Useful Information from Prolific Bloggers

Maintaining Your Web Content

You may have heard of companies that spend millions of dollars maintaining their web sites. Fortunately, for the goal of monetizing web content, such expensive maintenance is unnecessary.

In fact, the only costs you'll have are hosting fees and any money you spend on promoting your site. So maintenance is going to, for the most part, come down to you publishing as much content as you can on a regular basis. Keep in mind that your monetization efforts are going to be successful only with a lot of content. You will be earning small amounts of revenue from each page on your web site which will add up when you have a large number of pages.

Other types of maintenance include simple upgrades to your web site as it grows. For example, your site may initially launch without much in the way of graphics. This is fine. But when your site grows in popularity and traffic you may want to consider creating a professional-looking logo and tag line. You may also want to start incorporating graphics in to individual posts to break up the text. These sorts of things help improve the perception of quality of your site which is equally important to the actual quality. If you have the time and resources to add these bells and whistles sooner rather than later, go ahead and do so, but remember that actual written content is the most important element of your site.

In terms of infrastructure maintenance, there will be very little. If you use a program such as WordPress, which I highly recommend, to manage your content, then you will on occasion need to upgrade the software when new versions are released. I would recommend that you avoid any "dot-0" releases e.g. 1.0 and 2.0 as these are often buggy and quickly followed by "dot-1" releases. You might as well wait for a stable version that you only need to upgrade once.

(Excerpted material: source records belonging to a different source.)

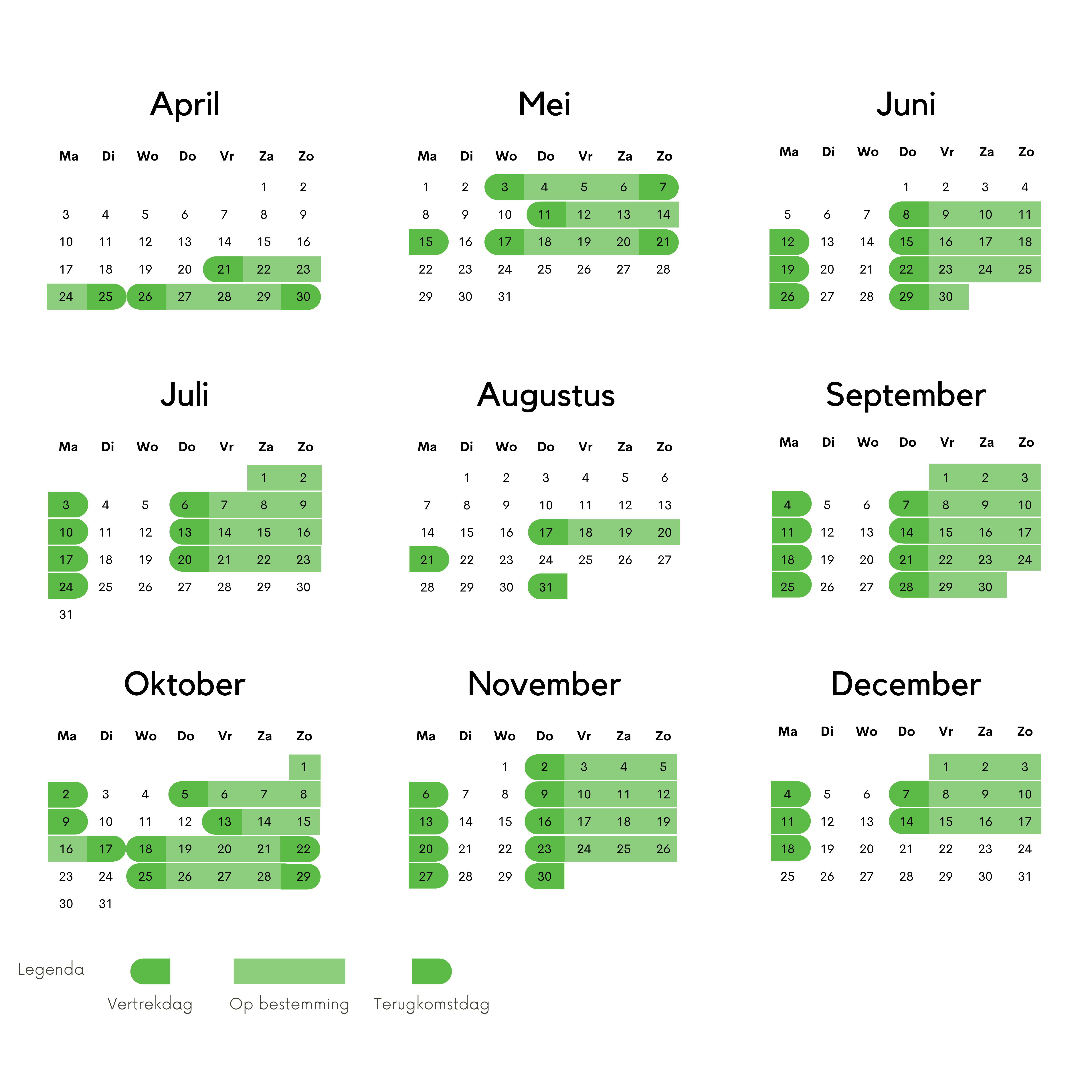 • Exact aantal kan per dienst verschillen; vooraf reserveren is daarom verplicht
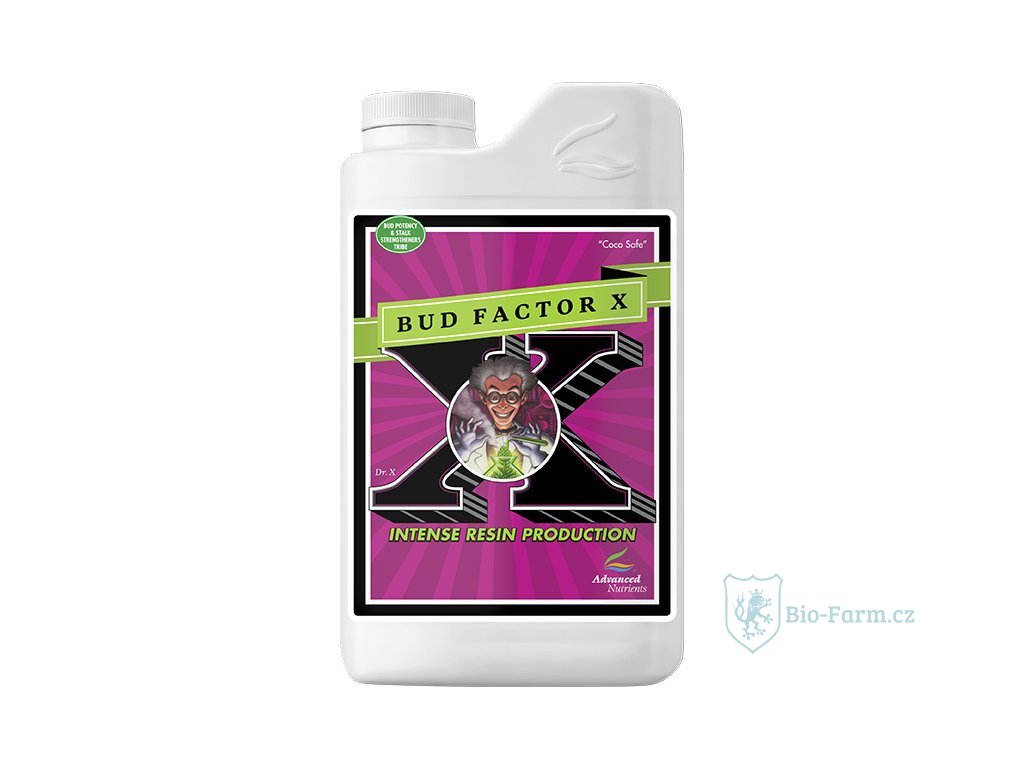 Nikdy není pozdě zmaximalizovat vaší úrodu. Esenciální oleje jdou ruku v ruce s chutí, vůní a obsahem pryskyřice. Esenciální oleje a pryskyřice obsahují terpeny, těkavé vonné látky. Bud Factor X obsahuje magnesium a bio-aktivní látky pozitivně ovlivňujících produkci terpenů, esenciálních olejů a pryskyřice. Ingredience Bud Factor X zvyšují nejen kvalitu výnosu, ale také kvantitu. Rostliny jsou podporovány v závěru života ve fotosynterických procesech, i když mají přirozeně tendenci jejich aktivitu snižovat, čímž se dosahuje vyšší produkce. Dusík a vitamíny B ve složení Bud Factor X podporují také kořenovou činnost zvláště v kombinaci s Piranha, Voodo Juice a Trantula.
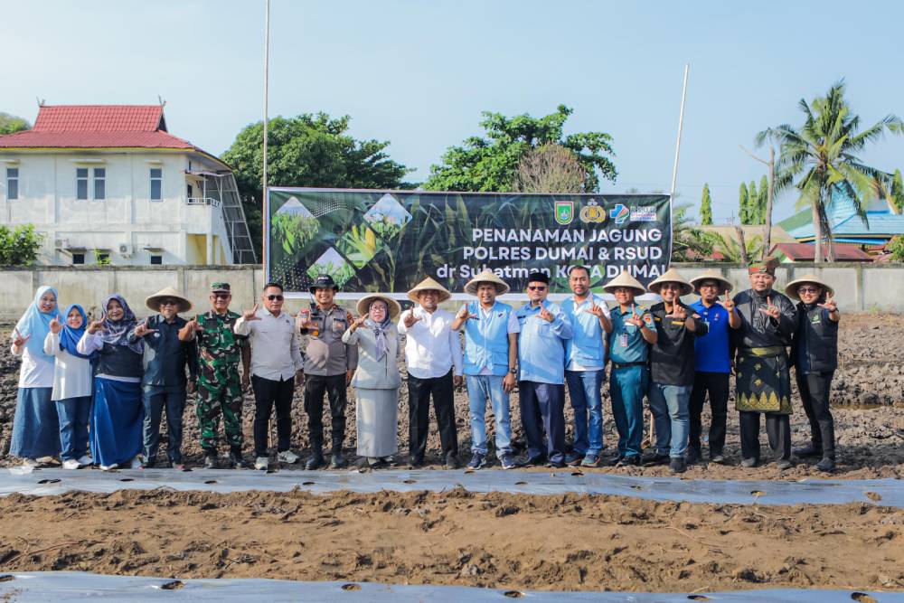 Wakil Wali Kota Dumai, Sugiyarto, mengambil bagian dalam kegiatan penanaman bibit jagung sebagai bagian dari program green policing di lingkungan RSUD dr. Suhatman, Kamis (30/4/2026). Kegiatan ini merupakan kolaborasi antara kepolisian dan pihak rumah sakit dalam mendorong ketahanan pangan sekaligus penghijauan lingkungan melalui pemanfaatan lahan kosong secara produktif.
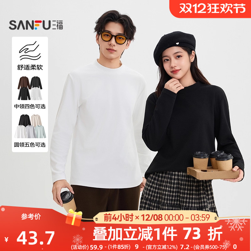三福2025冬季新款长袖T恤男圆领纯色情侣德绒保暖修身中领打底衫
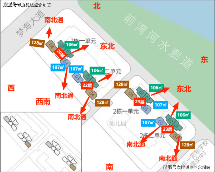 每个面积段的户型,在四栋楼中都有分布,其中景观面最好的是106平的01/02户型,正看一线河景,未来无遮挡
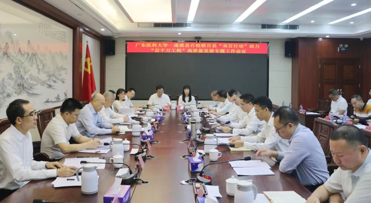 为推进广东省百校联百县助力“百县千镇万村高质量发展工程”行动高效落地落实,2023年10月11日,新葡萄8883官网党委书记、校长卢景辉一行到湛江市遂溪县召开百校联百县“双百行动”助力“百千万工程”专题工作会议。遂溪县委书记骆华庆,县领导沈东宇、朱帝池、朱锐、黄少娥等参加会议。
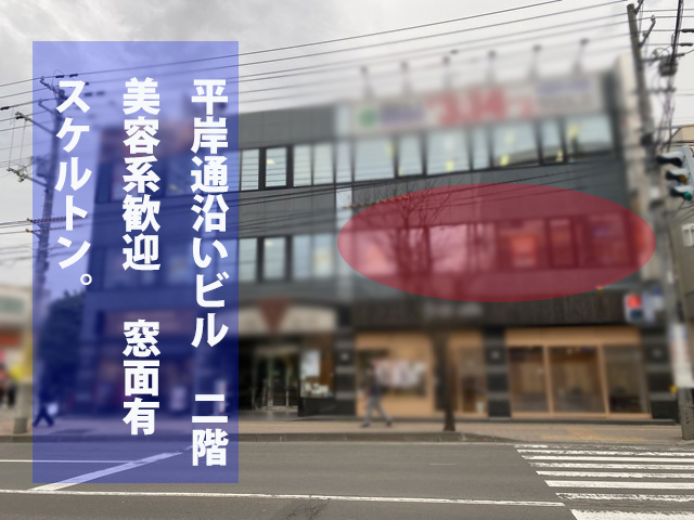 | 店舗詳細(抜粋) | ・平岸通り沿いビル2階 ・元美容系業種入居実績 ・現状はスケルトン ・自由度高い物件 ・大きな窓面有 …続きは詳細へ |
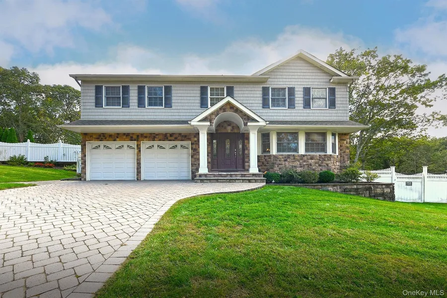 Welcome to 35 Columbus Avenue, Kings Park. A beautiful 4-bedroom, 2.5-bath Brookfield Colonial featuring a versatile bonus room-perfect for a 5th bedroom or home office. The home offers a spacious entry foyer, formal living room, and formal dining room. The cherry wood eat-in kitchen boasts granite countertops, stainless steel appliances, gas cooking and plenty of cabinetry. Enjoy the cozy family room with built-ins and a gas fireplace. The primary suite includes a custom walk-in closet and an updated bathroom with separate marble vanities and a large porcelain shower. Additional highlights include nicely sized bedrooms, a newly finished basement with laundry area (including a new washing machine), full bathroom, and ample storage. Step outside to your private backyard oasis with an in-ground saltwater pool, updated heater and filter, large brick-paved patio, professional landscaping, retaining wall and full fencing. A two-car garage, paved driveway and lovely curb appeal complete this stunning home.
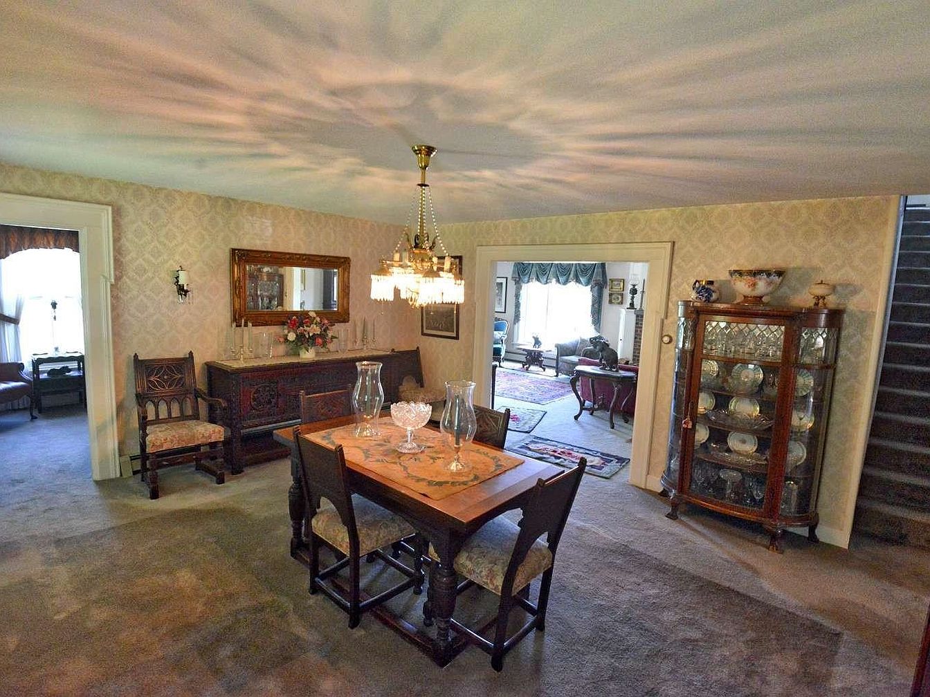 This dining room features an elegant wooden table adorned with a floral centerpiece, surrounded by intricately carved chairs, each with plush upholstery. The color palette transitions from soft creams to deep browns, complemented by patterned wallpaper that enhances the vintage charm. A crystal chandelier casts a warm glow, illuminating the space while reflecting off the polished sideboard adorned with decorative vases. A nearby glass cabinet showcases delicate china, while the carpet adds warmth and coziness underfoot. The open layout flows into a cozy sitting area, making this space inviting for gatherings and formal meals.

Before upgrading, be sure you have a back up of your entire web site. Even when you're not upgrading, a backup can be very useful should your site's data become lost or corrupt. Having a backup can also help should you find yourself in disputes with your hosting company which sometimes hold your data hostage until you agree to their demands. Note that with most web sites there are two components to the backup: 1) files and 2) database data. Make sure you're backing up both!